14 February 2017

Tackle discontent in J&K, Valley fragile


In the absence of pellet guns, the renewed use of live ammunition can only be cause for concern.

Army personnel along with a sniper dog move towards the house where militants were hiding during an encounter at Frisal area of Kulgam district of south Kashmir. (Photo: PTI)

The raid by the Army on a house in the Kulgam area of south Kashmir, in which four militants, a civilian and two jawans were killed on Sunday, shows the security situation in the Valley continues to be fragile. Militants being holed up inside a house is not a surprise. But the worrying part is that the local population came out in protest against the security forces’ action, and reports from two hospitals suggest a dozen civilians sustained bullet injuries. While more confirmation of these details may be required, this suggests in the first instance that the use of pellet guns may have been discontinued by the security establishment. These had caused injuries to the eyes, and there were also cases of blindness resulting from the action of the security forces against protesting civilian mobs in the Valley late last year following the killing of militant commander Burhan Wani.

In the absence of pellet guns, the renewed use of live ammunition — if the hospital records quoted in the media are correct — can only be cause for concern. Fortunately, there were no deaths. Else, the situation could have turned explosive.

Still, the civilian protests after anti-militant operations is indicative of the public mood against the government, which apparently continues to be hostile. The most proximate cause of this is that there has been no political initiative on the government’s part after the months-long Valley-wide protests that erupted in early July after Wani was killed in an encounter during a raid on a house in an orchard in south Kashmir.
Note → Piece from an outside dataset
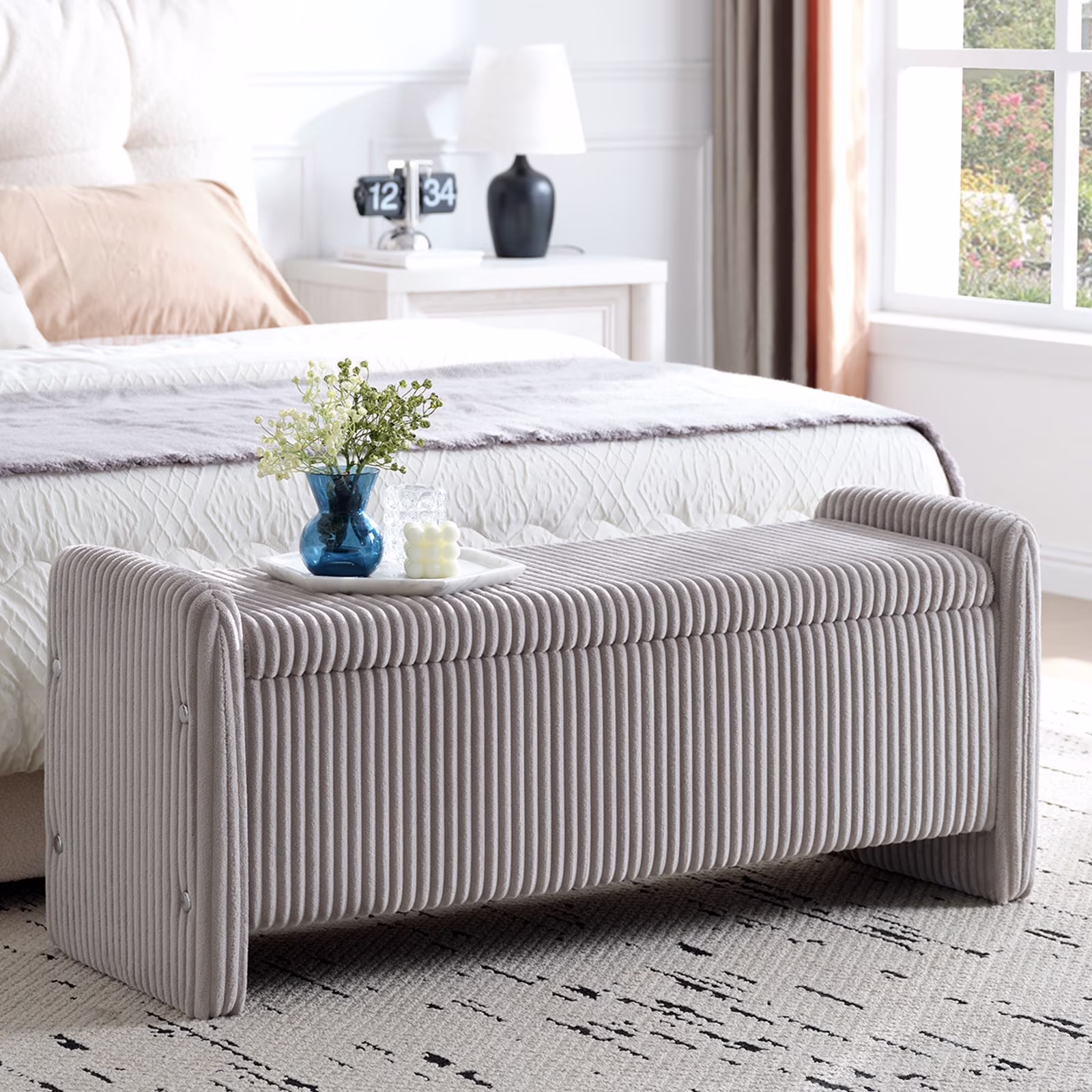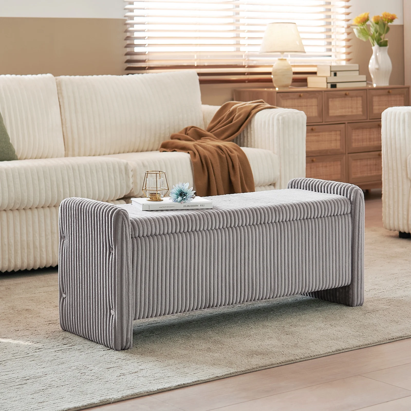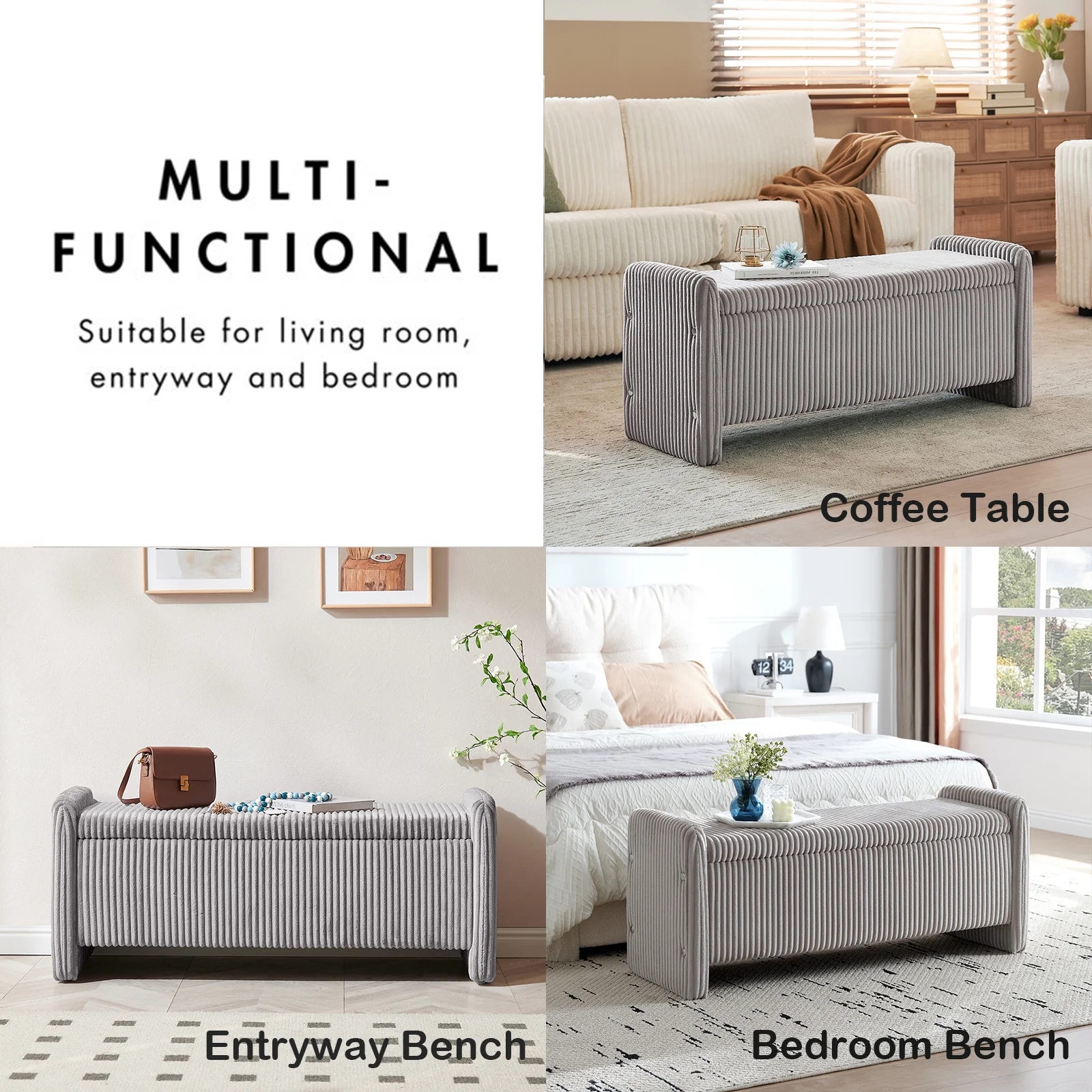 Cozy& Versatile Design Upholstered Benches: Crafted with breathable, skin-friendly, and wear-resistant corduroy fabric with a high-density foam cushion for lasting support and comfort.

This part of the Valley appears to be in the grip of militant activity. Home-grown militants have begun to once again fill the ranks of not only the Hizbul Mujahideen, a local Kashmiri group, but also the Lashkar-e-Tayyaba, whose headquarters is near Lahore in Pakistan. According to official estimates disseminated in the media, in recent months about 60 local youth have been drawn to the militant outfits. Such tendencies will be hard to quell in the absence of carefully designed political steps taken by the government. The Mehbooba Mufti government is evidently hamstrung in the absence of an understanding between the PDP and the BJP, the ruling coalition partners in J&K, which seem to be on differing wavelengths.

Ms Mufti’s PDP, which appears to have courted great unpopularity after last year’s protests, seems to be in the process of trying to recover lost ground within its constituency in Kashmir. The BJP, on the other hand, appears insensitive to local sentiments in the Valley, and instead prefers to appease its constituency in the state’s Jammu region. The coalition partners need to patch up urgently before concerted political steps can be taken in Kashmir.